Dec 14, 2007 | Parker Waichman LLP

China's food and drug safety agency has revoked the license of a company responsible for making tainted leukemia drugs that are being blamed for causing leg pains and partial paralysis in dozens of patients.  State-owned Shanghai Hualian Pharmaceutical Co. is a unit of China's biggest drug maker Shanghai Pharmaceutical (Group) Co. and, in a statement made by the State Food and Drug Administration (SFDA) on its Web site today, the company will also be fined the highest amount allowed under law; profits from the sale of the contaminated drugs will be confiscated.

According to an SFDA statement, some Shanghai Hualian executives were detained by police on suspicion they deliberately withheld information about violations of production standards during the investigation. A report in the state-run newspaper Shanghai Daily said the maximum fine for a breach of regulations was only $4,000.

Shanghai city government officials said they were cooperating with the SFDA in resolving the case. Calls to Shanghai Pharmaceutical went unanswered Thursday morning and calls to numbers listed for Shanghai Hualian Pharmaceutical were answered with a recording indicating that the number does not exist.

The investigation into Shanghai Hualian Pharmaceutical was one of many involving contaminated or bogus drugs and foods prompting tighter safety regulations enforcement.  The SFDA described the company's actions as a systematic cover-up. 

Authorities banned the sale and distribution of the drugs in early July after some patients complained of adverse reactions.  In September, the SFDA ordered the company to stop production of the drugs involved—methotrexate and cytarabin hydrochloride—withdrawing most of them from the market.  The investigation revealed the drugs were contaminated with vincristine sulfate—another cancer-fighting chemical—during production, the agency's statement said.  Investigators did not say how contamination occurred but put the number affected at over 100 while local news reports stated several hundred patients suffered adverse reactions.

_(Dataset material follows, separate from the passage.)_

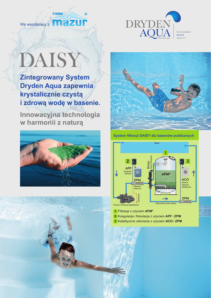 We współpracy z DAISY Zintegrowany System Dryden Aqua zapewnia krystalicznie czystą i zdrową wodę w basenie. Innowacyjna technologia w harmonii z naturą System filtracji DAISY dla basenów publicznych Basen Zawór sztangowy 1 3 Besgo 2 APF Koagulant i flokulant AFM® ACO ZPM Aktywny Utleniacz Katalityczny Uziemienie Mieszacz statyczny Pompa o zmiennej częstotliwości ZPM Aktywowane złoże szklane 1 Filtracja z użyciem AFM® 2 Koagulacja i flokulacja z użyciem APF i ZPM 3 Katalityczne utlenianie z użyciem ACO i ZPM Informacje na temat Dryden Aqua Nasze podejście: Kto kryje się pod nazwą Dryden Aqua? Zamiast zabijać bakterie lepiej jest zapobiegać ich rozwojowi Jesteśmy biologami morskimi specjalizującymi się w oczyszczaniu basenów kąpielowych. Naszą misją jest eliminacja toksycznego chloru i zapewnienie najlepszej jakości powietrza i wody. Zanim skutecznie wprowadziliśmy naszą technologię basenową przez ponad 30 lat pracowaliśmy nad systemami chlorowania basenów dla delfinów i innych ssaków wodnych. Obecnie o wydajności, bezpieczeństwie i korzyściach ze stosowania naszego zintegrowanego systemu oczyszczania wody, może świadczyć ponad 100‘000 basenów na całym świecie stosujących nasze produkty. Dr Dryden jest biologiem morskim, który posiada unikalną wiedzę z zakresu biologii, chemii i technologii. Jest twórcą aktywnego, biologicznie odpornego materiału filtracyjnego AFM®. Co oznacza nazwa Dryden Aqua? Dążymy do osiągnięcia najlepszych rezultatów w postaci krystalicznie czystej wody, przy minimalnym zużyciu chloru, pozbawionej jego zapachu i innych szkodliwych produktów ubocznych dezynfekcji (DBPs). Zintegrowany system oczyszczania Dryden Aqua pozwala obniżyć koszty uzdatniania wody i połączyć przyjemność ze zdrowej kąpieli z utrzymaniem czystości środowiska naturalnego. Basen o głębokości 3 m, brak zmętnienia, zakres widoczności 25 m Uzdatnianie wody basenowej powinno zapobiegać przenoszeniu się patogenów pomiędzy kąpiącymi się osobami i minimalizować szkodliwe produkty uboczne dezynfekcji (DBP). Tradycyjne metody uzdatniania wody zwalczają przenoszenie się patogenów za pomocą coraz to silniejszych chemikaliów do dezynfekcji, napromieniania UVC i ozonu. Jednakże przenoszenie się patogenów jest problemem biologicznym, dlatego też potrzebuje biologicznego rozwiązania. Metoda zintegrowanego systemu uzdatniania wody Dryden Aqua polega dokładnie na tym, że: zamiast coraz mocniejszych środków dezynfekujących i kosztownego sprzętu, opracowaliśmy proces uzdatniania wody basenowej zmieniający właściwości wody utrudniając rozmnażanie się i przeżycie bakterii i pasożytów. Dzięki temu, że jesteśmy biologami, możemy ten cel osiągnąć. Wiemy jakie czynniki są potrzebne do rozwoju bakterii i możemy je usunąć, co jest o wiele lepszym rozwiązaniem, niż próba zabicia bakterii chemikaliami po tym, gdy już doszło do ich rozwoju w układzie wody basenowej. Właśnie dlatego jesteśmy w stanie osiągnąć taką jakość wody w basenie, że prawie w ogóle nie zawiera bakterii i pasożytów. Nasze podejście opiera się na trzech kluczowych elementach: 1. W konsekwencji bio-odporności AFM®, bakterie nie mają podłoża, na którym mogłyby się rozwijać i namnażać. 2. Za pomocą zaawansowanej koagulacji, flokulacji i filtracji usuwamy pożywkę dla bakterii. 3. DAISY: nasz Zintegrowany System Dryden Aqua odfiltrowuje z wody prawie wszystko i zmniejsza zapotrzebowanie na chlor do możliwie najniższego poziomu. Im niższe zapotrzebowanie na utlenianie chloru, tym niższe stężenie produktów ubocznych chloru z dezynfekcji w wodzie, w powietrzu i tuż nad powierzchnią wody. Nasz system DAISY zapewnia krystalicznie czystą i zdrową wodę bez toksycznych produktów ubocznych dezynfekcji (DBP), najniższe zużycie chloru i niskie koszty utrzymania. 2 DRYDEN AQUA Dryden Aqua: chcemy uczynić świat trochę lepszym Misją Dryden Aqua jest uczynić świat trochę lepszym. Zaczęliśmy od poprawy bezpieczeństwa basenów i od tego, aby były one przyjazne dla środowiska. Angażujemy się w walkę z zanieczyszczeniem środowiska i w jego ochronę przed zmianami klimatycznymi. Jesteśmy przekonani, że znaleźliśmy główny mechanizm globalnego ocieplenia. Nasza hipoteza w skrócie wygląda następująco: Wzrost zawartości CO2 w atmosferze nie jest bezpośrednio związany ze wzrostem poziomu CO2 z emisji antropogenicznych. Badania naukowe szacują, że spalanie paliw kopalnych stanowi jedynie między 1 % i maksymalnie 5 % wszystkich emisji CO2 do atmosfery. Jest to ilość znacznie mniejsza niż powszechnie się uważa. UK Royal Society przyznaje, że ilość glonów wodnych powinna się zwiększyć, aby zrekompensować wzrost emisji CO2. Jednak stało się całkiem inaczej; produktywność fitoplanktonu w oceanach spadła. Wzrost poziomu CO2 w atmosferze i zakwaszenie oceanów nie jest spowodowane emisją CO2 wskutek działalności człowieka, a raczej poprzez spadek zdolności ekosystemu do metabolizowania CO2 w atmosferze. Fitoplankton morski przetwarza dwutlenek węgla w tlen w procesie fotosyntezy. Fitoplankton przetwarza 90 % emitowanego CO2 i odpowiada za wytwarzanie tlenu. Jednakże od początku rewolucji chemicznej około 1950 roku, wiązanie dwutlenku węgla i wydajność morskiego fitoplanktonu spadła o 40 %, co jest główną przyczyną wzrostu poziomu dwutlenku węgla w atmosferze. O dziejących się poważnych zmianach w środowisku morskim może świadczyć znaczne zwiększenie liczby meduz i kalmarów i spadek populacji ryb, co zaczynamy już obserwować. Przy wartości pH 7,9 nie mogą się uformować jaja węglanowe. Biorąc pod uwagę, że większość morskich zwierząt i wiele roślin posiada muszle węglanowe, możemy być świadkami całkowitego załamania ekosystemu morskiego, ziemski ekosystem prawdopodobnie spotka podobny los. Zasadniczo obecnie w ocenach zachodz

Shanghai Hualian—founded in 193—is one of the country's top drug makers, exporting to over 70 countries and regions globally, according to its Web site.  China has taken a series of steps to crack down on tainted drugs and other unsafe products after various foods, medicines, and other items ranging from toothpaste to seafood were found to contain potentially deadly substances.  The issue of safety was on the agenda of high-level China-U.S. economic talks this week in Beijing and both governments signed deals on safeguarding the quality of food, drugs, and medical devices and setting up bilateral mechanisms for sharing information on goods exported to the U.S.

In China's harshest action on safety so far, the country's former top drug regulator was executed in July for taking millions of dollars in bribes to approve substandard medicines, including an antibiotic that killed at least 10 people.  Earlier this week, the SFDA announced a new procedure for drug recalls that is expected to encourage pharmaceutical manufacturers to take such actions voluntarily.  Companies that issue recalls on their own will face no penalties or less stringent penalties for safety violations; those who knowingly fail to do so will face heavier punishment and possibly lose their licenses.